William was a descendant of Rollo, the Viking Leader seen in the television show VIKINGS the brother of Ragnar Lothbrok. He and Ragnar in reality were not brothers and lived about 150 years apart. Rollo was a bad ass! He had been exiled from Norway for killing too many people and had raised another army of Vikings from Denmark. One of my direct ancestors was one of his Danish Captains. They raided France so much that the French King, Charles the Simple, finally offered Rollo a large chunk of France to be his own Duchy, as long as he acknowledged Charles as his Sovereign and paid fealty to him. There is an amusing story that when Rollo performed the ceremony making him Duke he had to kiss the foot of the king to seal his solemn oath. Rollo refused and ordered one of his men to do it. The man did, but immediately after kissing the King's foot he flipped the King out of the chair and onto his ass. (I always wondered if maybe that guy was my ancestor). At any rate the bargain worked well; France now had a buffer against attacks from other vikings as Rollo and his boys kept stopping them. In time, Rollo's Northman army intermarried with the local populace and assimilated their own culture and the culture of the existing populace. Their language mixed with French to become 'Norman-French,' not entirely French and not entirely Norse, but a mixture of the two. The people in their duchy called the Vikings 'Northmen" and in time they called their new duchy "Normandy' as a result.

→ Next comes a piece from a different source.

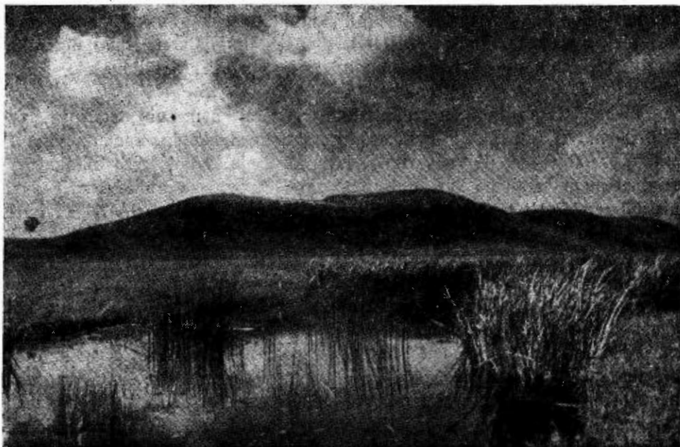
2 pav. Reginėnų piliakalnis iš Daugyvenės upelio puses

dirbamos žemės plotai. Jo rytine papėde teka Daugyvenės upelis. Pietinėje piliakalnio pusėje yra loma, kuri skiria piliakalnį nuo kitos kalvos. Ši kalva turi nuolydį pietų link. Patį piliakalnį vietos žmonės vadina Raganų kalnu, Giliakalniu arba tiesiog piliakalniu, o minėtą kalvą piliakalnio pietinėje pusėje vadina Rinkakalniu, Turgakalniu ar net Bačkirkalniu. Pačiame pietiniame šios kalvos gale, užimančiame apie 0,5 ha žemės plotą, kitados buvo gražių pilkapių grupė, kurios šiuo metu tėra tik kai kurios liekanos.

Before Edward the Confessor died, he had already performed a ceremony wherein it was agreed that William, Duke of Normandy would become the next King of England. Harold Godwinson had even participated in the ceremony and solemnly swore on sacred relics that he agreed. But after Edward's death he broke his oath, had himself crowned King of England, and raised an army to enforce his Kingship. He first defeated his brother Tostig and Harold Hardrada at the Battle of Stamford Bridge, usually seen by modern historians as the last true viking raid in England. He then force marched south to kick William's ass, who had crossed the English Channel with an Army to make Harold keep his promise and declare William King.

The two armies met at a field between two hills, Caldbec Hill to the North, and Telham Hill to the south. The area was heavily wooded and a marsh lay nearby. It is believed that the English arranged themselves on Cladbec Hill or therebouts, and the Normans attacked from the south. The two were comprised of different elements.

Harold's army were entirely infantry. The Thegns, or noblemen,and their professional fighter, the housecarls, wore chain hauberks and carried shields, axes and javelins. The remainder of their men were non-professionals, were more lightly armored and carried two handed axes and spears. They numbered around 10,000 men, though exact figures cannot be 100% proven.

William's Army was about a third infantry, a third cavalry with the rest being archers. They numbered around 7,000 to 8,000, though these numbers cannot be 100% proven either. They wore chainmail armor and carried broadswords, lances and kite-shaped shields. Their helmets were very viking like; pointed, with a nose guard that hung down in front between their eyes. Their hair cuts were very short, with the backs of their heads shaved clean.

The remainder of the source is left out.